Nowa maszyna, która rozpocznie pracę na przełomie lipca i sierpnia (po zakończeniu montażu i niezbędnego szkolenia), znacząco rozszerzy możliwości produkcyjne firmy. Oprócz zwiększenia gamy kolorystycznej z 9 kolorów do 10 istotnie – o 50 proc. wzrośnie szybkość drukowania (maks. prędkość FA6 to 175 m/min), a szersza wstęga oznacza zwiększenie wydajności i obniżenie kosztów. Stacja wykrojnikowa ma szerokość 51 cm i pochodzi z modelu FA5, gdyż konstruktor nie przewidział wykrojnika o szer. 57 cm; pozwala na wykrawanie etykiet samoprzylepnych na papierze i folii. Maszyna dedykowana jest materiałom foliowym; można na niej drukować etykiety IML, shrink sleeve (PVC, PET), laminaty, a także opakowania – blistry, platynki na foliach aluminiowych oraz tzw. mixpapy.
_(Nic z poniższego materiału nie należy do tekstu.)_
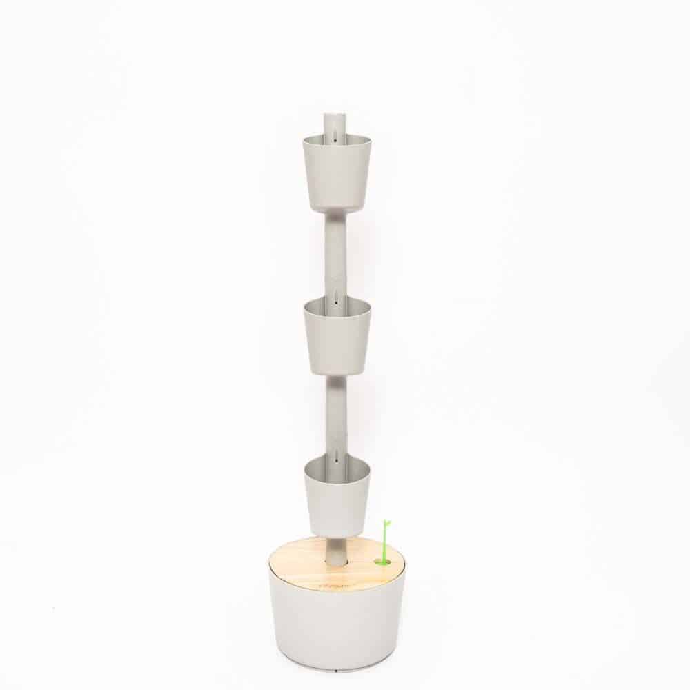 – Vertikaler, selbstbewässernder Design-Pflanztopf. Erhältlich in zwei Grössen: 3 oder 4 Töpfe; und vier Farben: Grau, Kiefernrinde, Schwarz oder Weiss.

W zasadzie – jak to określa A. Nowaczyk – stanowi ona połączenie maszyny etykietowej z opakowaniową, co również przyczyni się do wzbogacenia oferty produktów. W przyszłości firma będzie mogła wytwarzać także opakowania, na co do tej pory nie pozwalała szerokość wstęgi.
Obecnie ok. 60 proc. produkcji firmy jest realizowane na potrzeby branży spożywczej, w tym mleczarskiej; pozostali klienci reprezentują branże kosmetyczną, motoryzacyjną, farmaceutyczną i papierniczą (etykiety A4 dla drukarek laserowych i kserokopiarek). Spółka mocno wchodzi także w segment etykiet no-label look dla branży alkoholowej. W firmie Natalii realizowane są zarówno duże, jak i średnie oraz małe nakłady, do produkcji których służy zakupiona 2 lata temu cyfrowa maszyna zwojowa HP Indigo ws4500 o szer. wstęgi 330 mm. Maszyna w wersji 7-kolorowej umożliwia druk 1124 kolorów Pantone i zapewnia jakość offsetu – do 230 lpi. Można w niej stosować całą gamę podłoży: od papieru i kartonu po folie PE, PP, PVC, poliestrowe, poliwęglanowe i wiele innych.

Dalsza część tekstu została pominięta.